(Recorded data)
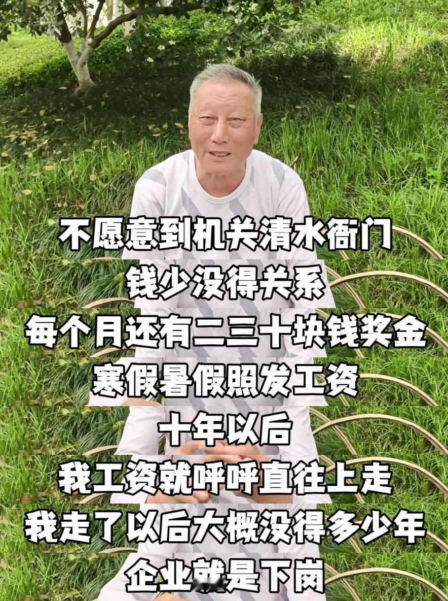 十年过后,他的待遇便一路稳步上涨,而当年的工厂,自他调离2年后,便开始走下坡路,后来直接倒闭。
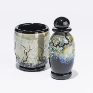 Verre de Murano à décor appliqué de rameaux sur fond marbré, cir...
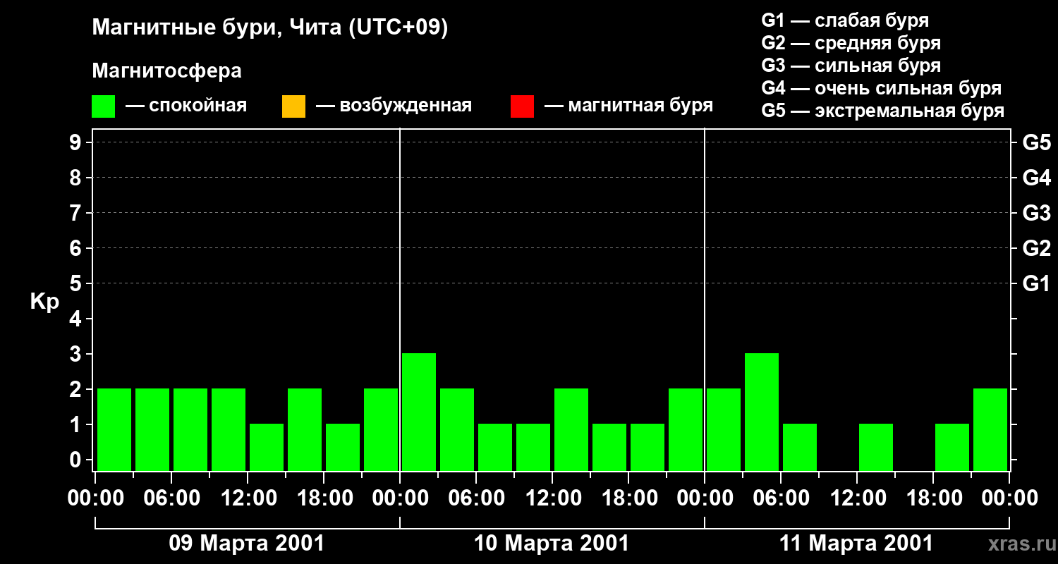 Изменения геомагнитного индекса Kp с 9 по 11 марта 2001 года для средних широт
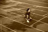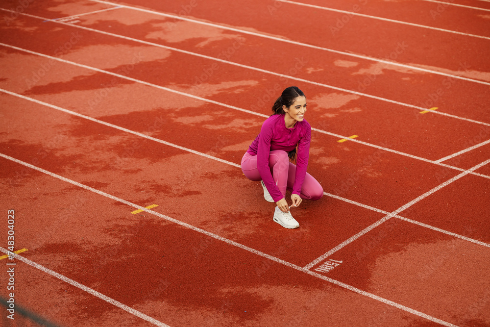A happy female runner is crouching on running track at stadium and tying her shoelace.
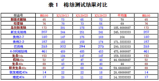 其中,MN100测试数据为每种试样测试3次的平均值;XJ129棉结每个测试结果为每种试样测试4次的平均值,按照顺序测试了3轮,最终取三轮测试数据的平均值(每种试样测试共测试12次)。
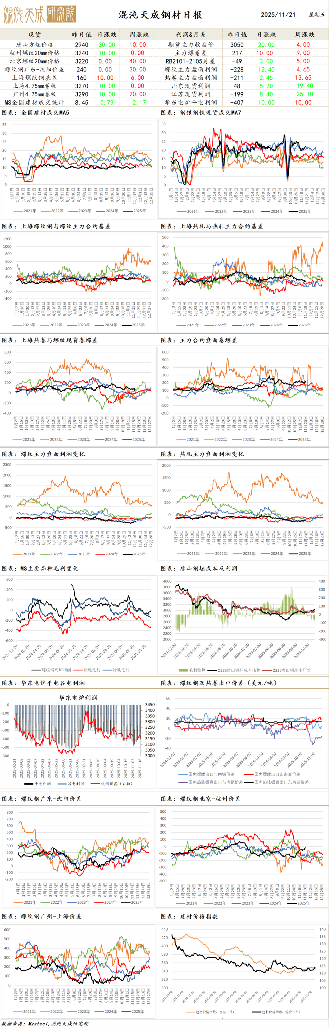 需求端,本周机构数据均显示钢材厂库、社库延续下降,且总库存降幅有所扩大,各品种钢材表需大多有不同程度增长。另据百年建筑调研,本周全国水泥出库量290.55万吨,环比上升1.5%,基建水泥直供量环比上升1.2%;混凝土发运量为153.97万方,环比减少1.29%;样本建筑工地资金到位率59.8%,周环比上升0.04个百分点,显示建筑下游需求依然喜忧参半。海外方面,昨日公布的美国9月失业率新高,但非农就业超预期增长,外盘商品多有小幅上涨。国内方面,11月国内5年期及1年前LPR保持不变,但杭州发布地产利好政策,国内政策预期依然向好。进出口方面,昨日国外主要地区钢价普遍持稳,目前国内外冷热卷价差变动不大,国内钢材仍有一定出口空间。
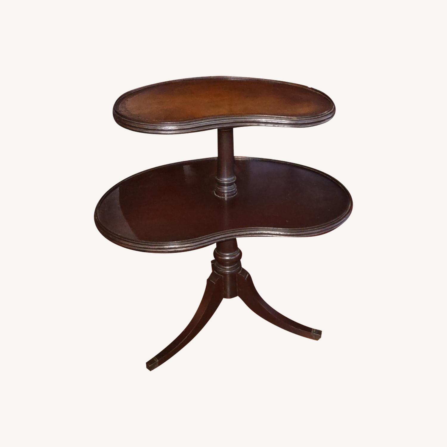 Seller's Notes:Vintage antique dark brown solid wood table. Very nice decorative table. Can be use as a corner or center table.
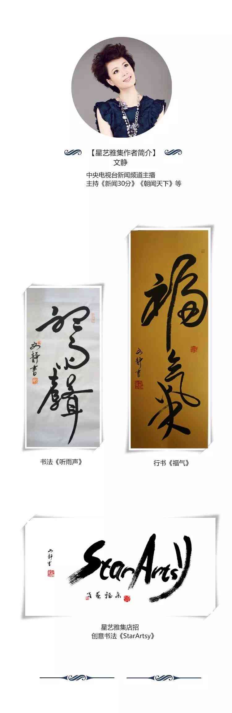 遒劲清逸的草篆、意境悠远的油画、封门青的手工篆刻印章……这些风花雪月,可能和电视镜头里正襟危坐的新闻主播联系不起来,可最近,偏偏就有这样一家“既公益又文艺”的小店,悄然出现在了淘宝上,让人们看到了电视明星的另一面。
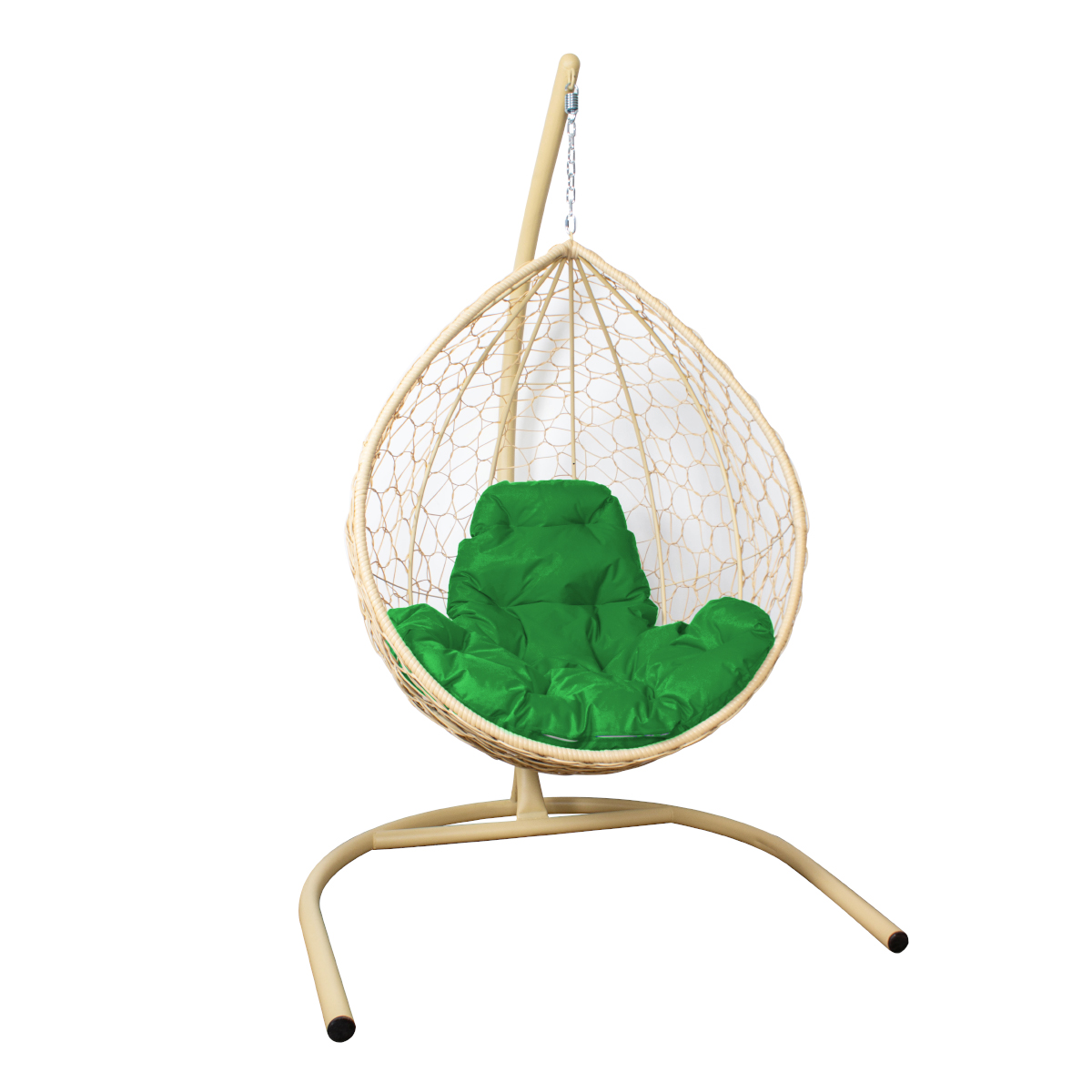 Кресло подвесное Капля с ротангом бежевое, зеленая подушка

§ What to work on
Would you copy out, exactly and with no pictures, only the lines above from the one that contains "A happy female" through the one that contains "其中,MN100测试数据为每"?

§ Finished exercise
A happy female runner is crouching on running track at stadium and tying her shoelace.
 其中,MN100测试数据为每种试样测试3次的平均值;XJ129棉结每个测试结果为每种试样测试4次的平均值,按照顺序测试了3轮,最终取三轮测试数据的平均值(每种试样测试共测试12次)。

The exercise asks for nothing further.